Law School Admissions Requirements: The Ultimate Guide


So, you’re looking for information on law school admissions requirements, huh?

That’s pretty great! I have to applaud you.

You know why?

Imagine this…

You go to college and know you need to get good grades because law school might be in the foreseeable future.

You aren’t exactly at the top of your class but you aren’t at the bottom either, so you work hard and do your best.

When the time comes to take the LSAT, you spend some time studying but don’t apply yourself. You figure you’ve always done well enough on standardized tests for everything else in your life, so why put in the extra effort?

As a result, you get back a respectable score but nothing that stands out.

You assume it will be okay because your GPA is above average.

So you throw together your law school application the night before you turn it in. You asked a couple professors for recommendations last week, so you figure they’ll do their part and all will be well.

In the past, winging it has always worked, so why deviate from your tried and true approach?

When the time comes to receive either acceptance or denial letters you don’t sweat it. You assume that things will work out because they always have. You’ve always gotten by one way or another.

But when you open that letter, you’re caught off guard.

You realize that you made a mistake.

The time and dedication necessary for a successful application is finally made evident to you. You realize that you didn’t put in the effort necessary to warrant a successful application. And you’re pretty bummed out. There’s a sense of failure you feel because you thought you could wing it. You thought everything was under control.

So here’s the deal:

I do not want you to be that person! The fact that you’re reading this means you must take law school applications at least a little bit seriously.

However, as a law school admissions strategist, I wanted to share with you the value of putting effort into your law school application. And then I’ll give you all the details you need about law school admissions requirements.

I know you have a lot to offer an incoming law school class, which is why I want to give you ALL. THE. THINGS. you need to know for your law school application.

Here is your ultimate guide to law school admissions requirements.

Remember, you don’t want to be that person who tries to wing it. You can live above that and see yourself thrive. It might just take some intentional work. I believe you have that in you. ☺


Law School Admissions Requirements: An Overview

Let’s dive in together to explore the five law school admissions requirements and the three optional pieces to the admissions puzzle. The requirements for applying to law school may seem straightforward if you look at it as just a few things you need to do, but each element of your law school application tells the admissions committee something about your character.

Here are the eight pieces to law school admissions requirements:

1) College Transcript/Undergraduate Studies

2) LSAT score

3) Law School Application Resume

4) Law School Application Personal Statement

5) Law School Letters of Recommendation

6) (Optional/Only Some Schools Offer This) Interview

7) (Optional) Diversity Statement

8) (Sometimes Optional) Addendum


The Ultimate Guide to Law School Admissions Requirements

1) College Transcript/Undergraduate Studies

Law school applicants are required to submit their college transcripts to the law schools of their choosing.

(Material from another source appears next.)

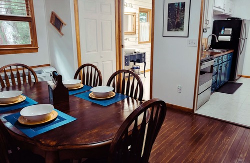 Gather around the dining room table with seating for 6. Enjoy board games, cards, or relax with a jigsaw puzzle. Feel free to use the provided cooler or baby high-chair for your convenience.

Your transcripts will give the law school admissions committee an overall objective view of how you are as a student. They will look at your grades and the courses you chose to take during undergrad. They will also weigh the rigor of your courses with your academic performance.

Your undergraduate transcript shows the admissions committee a lot more than just your GPA. While applying to law school with a solid undergraduate GPA is advantageous, you need to consider the potential repercussions of taking courses that will only pad your GPA instead of challenge you as a student.

A rounded approach to choosing a major and then selecting the right accompanying courses matters more than seeing a 4.0 GPA in underwater basket weaving. Let’s be real here for a second. Some majors and courses are far easier than others. Don’t let this deter you from pursuing what matters to you, but if you’re still in college and have the option to choose courses, think about this. How will the courses you take with the grades you earn affect the way the admissions committee might view you? Some students choose to double major so they can pursue their passion and also be challenged academically. This helps them gain skills necessary for law school while giving them an outlet for their interests.

2) LSAT score

Your LSAT score is another key law school admissions requirement. Your GPA and LSAT score are two of the first things law school admissions committees may notice about you as an applicant. They aren’t the only determining factors (those other pieces are crucial as well!), but those scores do serve as an equalizer amongst applicants. Reading essays and reviewing resumes is a little more subjective than looking at scores. And since the LSAT is taken by nearly everyone who applies to law school, it’s the ultimate way to compare applicants who went to different colleges and have different backgrounds.

Since the LSAT is now offered six times per year: January, March, June, July, September, and November, you should have plenty of time to take it. Go into the exam as prepared as you can possibly be. Whether you choose to take an LSAT prep course or do the self-study route, be sure you study hard and smart.

You know yourself better than anyone, so think about the study routines that work for you. Set a schedule and stick to it. If you need extra accountability with LSAT prep, enlist a friend who is also studying for the LSAT to be your accountability buddy. This could mean you study together or it could mean you check in regularly for an honest conversation about how you’re doing. This is not the time to go it alone. Ask for help when needed!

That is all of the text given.